Hace un par de días apareció una noticia sobre una reunión entre el Papa Francisco y el superior de la Hermandad de San Pío X, Mons Fellay. Corrieron rumores diversos que llegaron a deformar un breve encuentro de algunos segundos entre ambos, convirtiéndolo en algo más que una coincidencia. Dicho sea de paso que no creo que fuese un coincidencia fortuita, pero en unos segundos poco se puede tratar.  No es de esperar que el camino de la reintegración de la Hermandad de San Pío X se mueva lo más mínimo a corto plazo. En estos momentos vivimos un proceso de diversificación eclesial, que aunque sea más atenuado que el del postconcilio, impide acercamientos reales con cristianos de sensibilidades y carismas diferentes. La Hermandad de San Pio X necesitaría un entorno menos diversificado para buscar un acomodo eclesial estable. Nunca se sentiría cómoda siendo una más, entre miles de “opciones” aceptadas.

Pero ¿Por qué vivimos esta tendencia a crear comunidades particulares, que incluso llegan a producir diferencias litúrgicas? La respuesta proviene de la época que vivimos: la postmodernidad. El ser humano postmoderno reclama diferenciarse de todos los demás y crear “tribus” donde se sienta cómodo y diferente.

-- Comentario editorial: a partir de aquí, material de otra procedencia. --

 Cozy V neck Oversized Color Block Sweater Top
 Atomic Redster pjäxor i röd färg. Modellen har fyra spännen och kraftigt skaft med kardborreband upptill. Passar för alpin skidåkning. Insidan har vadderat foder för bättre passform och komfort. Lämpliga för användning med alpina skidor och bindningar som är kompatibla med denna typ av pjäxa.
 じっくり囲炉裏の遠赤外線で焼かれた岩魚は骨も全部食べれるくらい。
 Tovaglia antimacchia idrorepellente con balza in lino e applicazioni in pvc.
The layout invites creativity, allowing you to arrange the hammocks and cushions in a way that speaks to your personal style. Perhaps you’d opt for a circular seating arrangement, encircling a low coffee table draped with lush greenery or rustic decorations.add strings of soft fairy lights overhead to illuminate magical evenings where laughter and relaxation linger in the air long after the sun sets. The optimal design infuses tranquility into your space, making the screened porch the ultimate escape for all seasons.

Ya no se utiliza la frase cartesiana “Pienso luego existo” sino una variante más perversa “soy diferente, luego existo”.  Hace un siglo nadie se planteaba que la Iglesia se adaptara a él, pero hoy en día es casi una necesidad. Una de las razones que nos lleva a ver esta diversificación como un bien es que hemos aceptado que la acción del Espíritu Santo es diversificadora, lo que no es cierto. Los carismas son dones del Espíritu, pero no se dan a los hombres para diferenciarnos y separarnos, sino para complementarnos y unirnos. La unidad no nos lleva a separarnos según los carismas y sensibilidades, para que no choquemos unos con otros. La unidad es reunir lo diferente sin que cada carisma se sienta relegado o despreciado. Esto implica que cada persona tiene que negarse a si misma y donar su carisma a los demás, para que pueda dar verdadero fruto en la comunidad. La unidad no es un mosaico de diferentes realidades, sino una realidad única que nos permite vivir unidos.

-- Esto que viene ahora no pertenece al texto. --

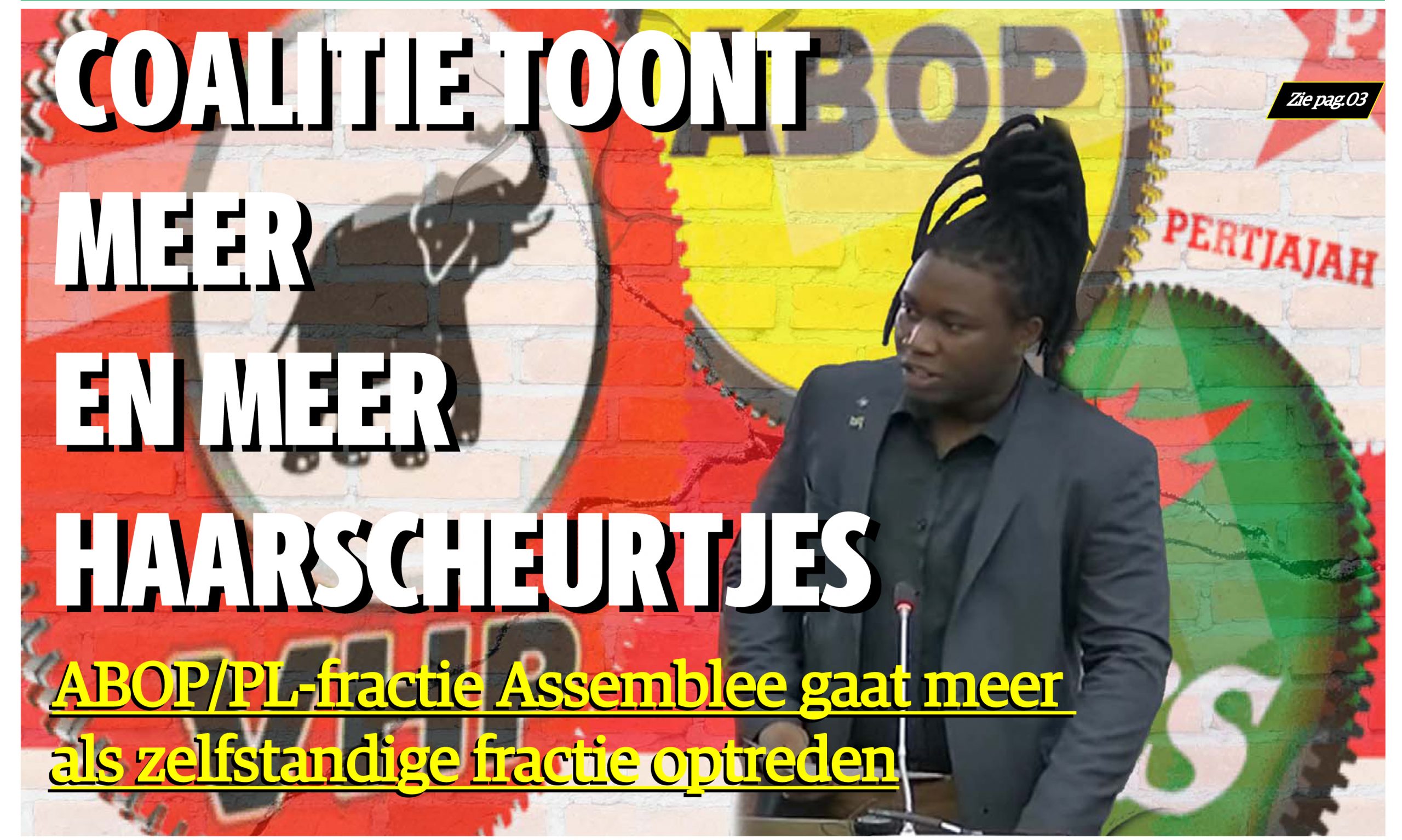 Het besluit van de kleine ABOP/PL-fractie om nu min of meer zelfstandig op te treden lijkt een zoveelste haarscheurtje te zijn in de coalitie. Mogelijk zelfs een direct gevolg van de actuele Sabaku Project-affaire. ABOPāers KanapĆ© en Edgard Sampie hebben percelen toegewezen gekregen op dat project, alsook een paar gezinsleden van het VHP-Assembleelid Mahinder Jogi. Een duidelijk geval van het voortrekken van personen in bepaalde functies, terwijl gewone burgers vele maanden, jaren, in de rij moeten wachten om uiteindelijk een stukje grond toegewezen te krijgen.
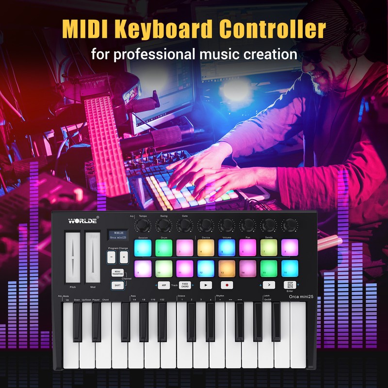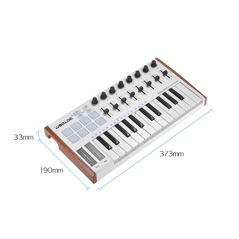 25 velocity gevoelige mini-toetsen, met 3 velocity curve en 1 constante snelheid; 4 toewijsbare draaiknoppen en 4 toewijsbare sliders, elk kan worden bewerkt door gebruikers.
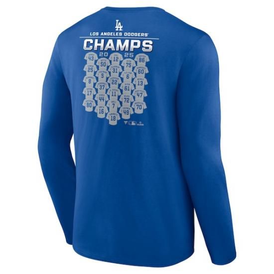 ロサンゼルス・ドジャース 2025 ワールド シリーズ チャンピオン ユニフォーム ロスター ロングスリーブ Tシャツ - ロイヤルは、メジャーリーグ公認のMLBグッズです。
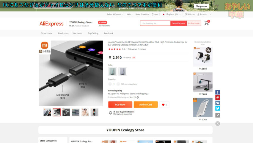 多分一番有名なメーカー、YoupinのBebirdシリーズのUSB耳かきK10を買ってみた
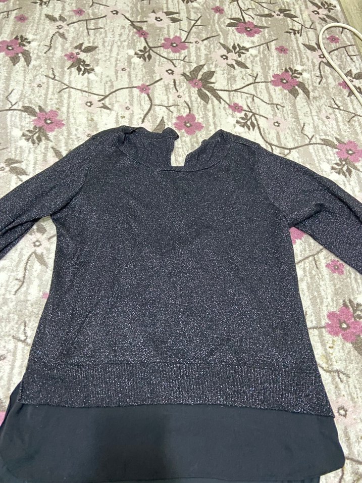 Gri renkte, uzun kollu, yuvarlak yakalı ve bol kesim kadın triko sweatshirt. Yumuşak sentetik kumaştan örülmüş, midi uzunlukta, günlük sokak tarzı için uygun simli parıltılı.
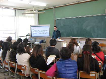 保護者説明会では,日程や持ち物についての説明を行いました。ここでも,大型テレビが活躍しました。

Miremos la acción del Espíritu en Pentecostés y comparémosla con la Torre de Babel. El Espíritu hace que la diversidad de lenguas no sea un obstáculo para que todos reciban el Mensaje de Cristo. Todas las lenguas reciben al mismo tiempo y de la misma forma el Mensaje. El Espíritu no hizo grupitos para que cada cual oyera los suyo. La diversidad de lenguas no es un don del Espíritu, sino la consecuencia del pecado del ser humano. Entonces ¿Por qué miramos la diversificación eclesial como algo positivo?

Ya sabemos que el enemigo, el diablo (el que separa), siempre está buscando palancas para separarnos y dispersarnos. ¿Por qué no nos damos cuenta de que el enemigo actúa?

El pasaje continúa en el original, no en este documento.